- What is needed:
Restate exactly, and only, the lines from the one with "Funhang adult electric" through the end of the data, with both of those end lines kept. Drop any pictures.

- Raw data:
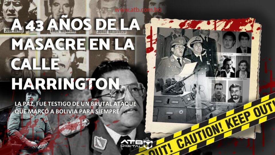 La Paz, 16 de ene 2024 (ATB Digital).-En un nuevo episodio de nuestra serie dedicada a la historia boliviana, nos sumergimos en un capítulo sombrío que, a pesar del paso de 43 años, persiste en la memoria colectiva del país. Abordaremos la masacre ocurrida el 15 de enero de 1981 en la Calle Harrington, un trágico suceso que dejó marcada a Bolivia para siempre y cuestiona hasta hoy los límites de la justicia y la resistencia.
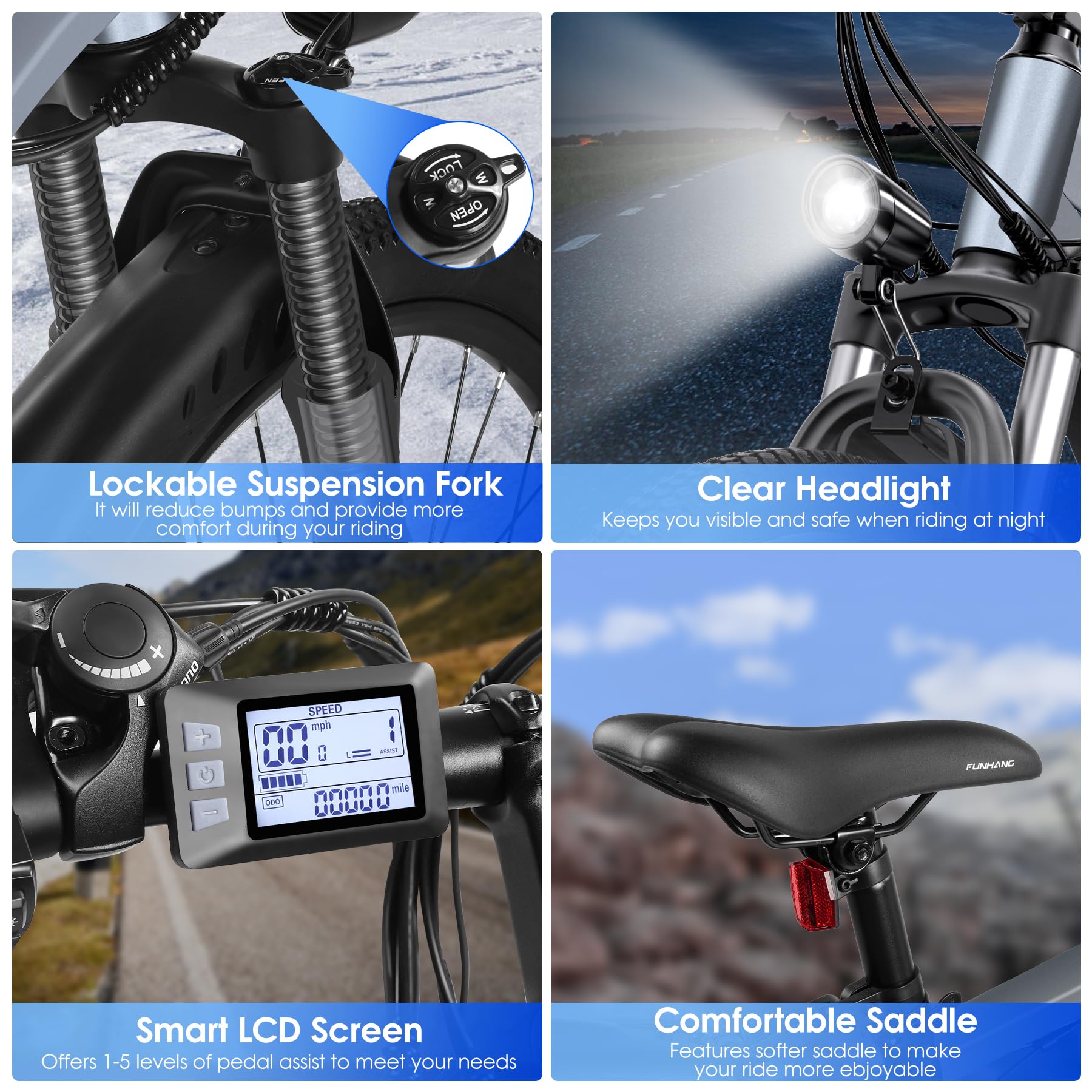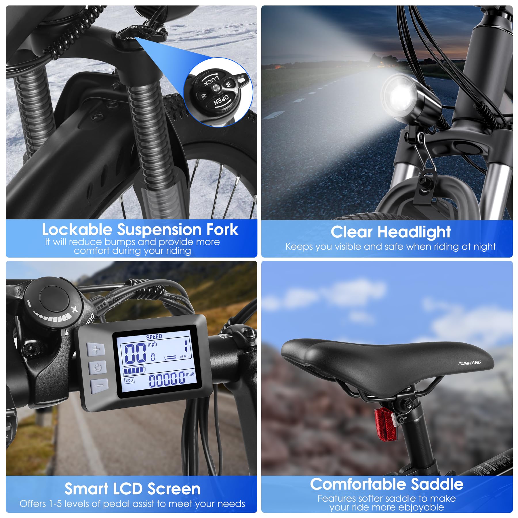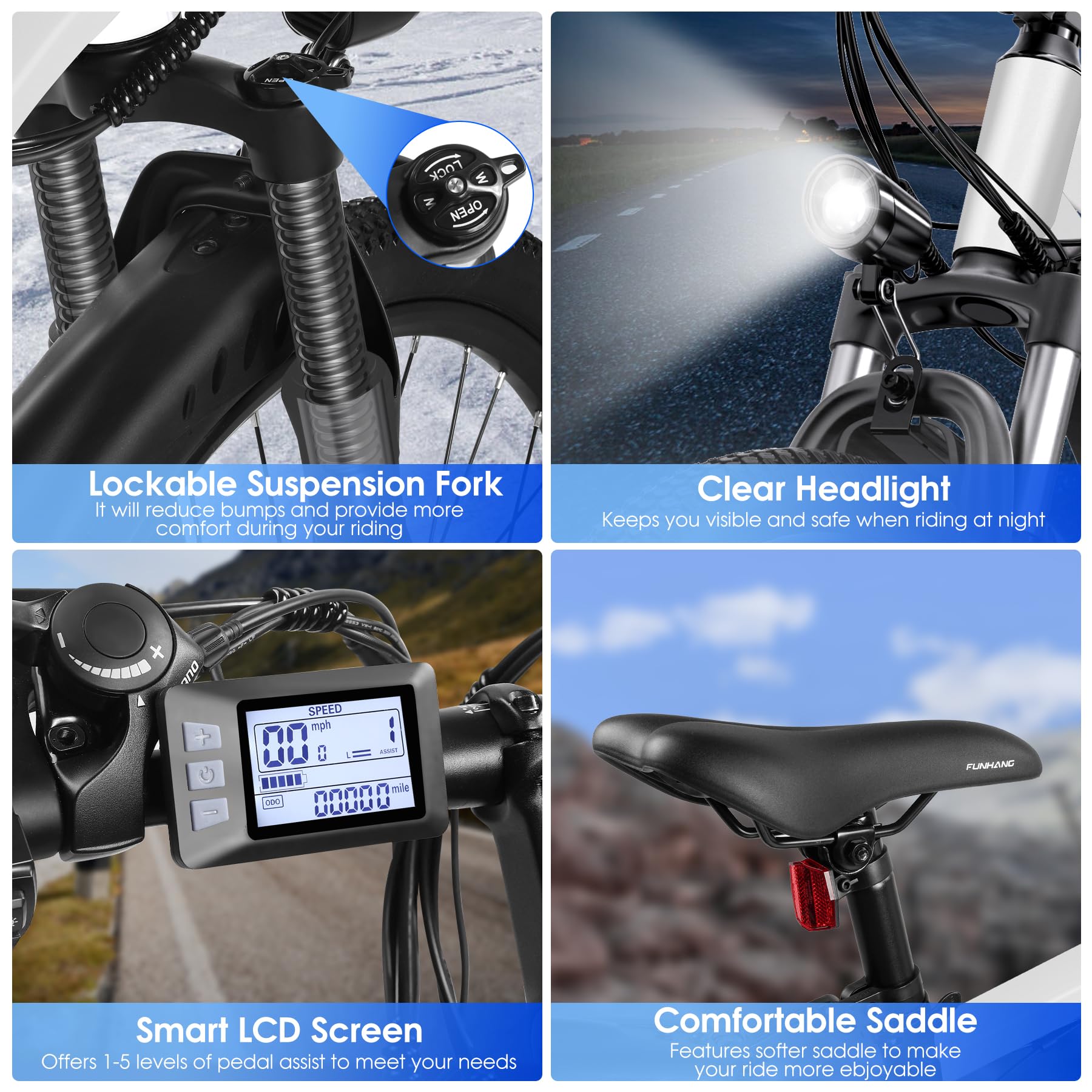 Funhang adult electric bike is equipped with a headlight that is bright enough to keep you visible and safe when riding at night.
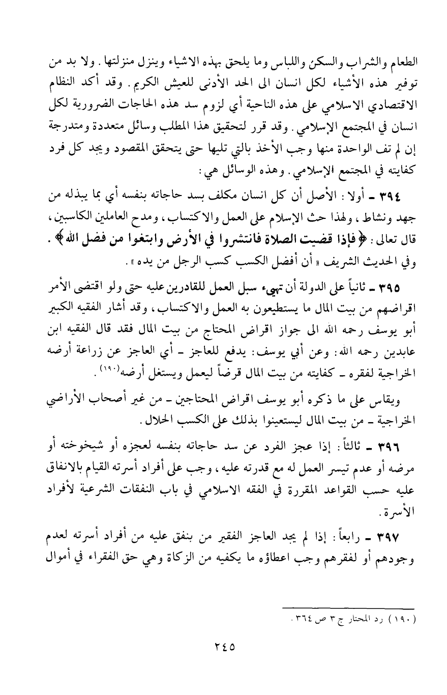 394- أولًا: الأصل أن كل إنسان مكلَّف بسد حاجاته بنفسه، أي: بما يبذله من جهد ونشاط، ولهذا حثَّ الإسلام على العمل والاكتساب، ومدح العاملين الكاسبين، وقال تعالى: {فَإِذَا قُضِيَتِ الصَّلَاةُ فَانْتَشِرُوا فِي الْأَرْضِ وَابْتَغُوا مِنْ فَضْلِ اللَّهِ} ، وفي الحديث الشريف: "إنَّ أفضل الكسب كسب الرجل من يده".

- Exercise output:
 Funhang adult electric bike is equipped with a headlight that is bright enough to keep you visible and safe when riding at night.
 394- أولًا: الأصل أن كل إنسان مكلَّف بسد حاجاته بنفسه، أي: بما يبذله من جهد ونشاط، ولهذا حثَّ الإسلام على العمل والاكتساب، ومدح العاملين الكاسبين، وقال تعالى: {فَإِذَا قُضِيَتِ الصَّلَاةُ فَانْتَشِرُوا فِي الْأَرْضِ وَابْتَغُوا مِنْ فَضْلِ اللَّهِ} ، وفي الحديث الشريف: "إنَّ أفضل الكسب كسب الرجل من يده".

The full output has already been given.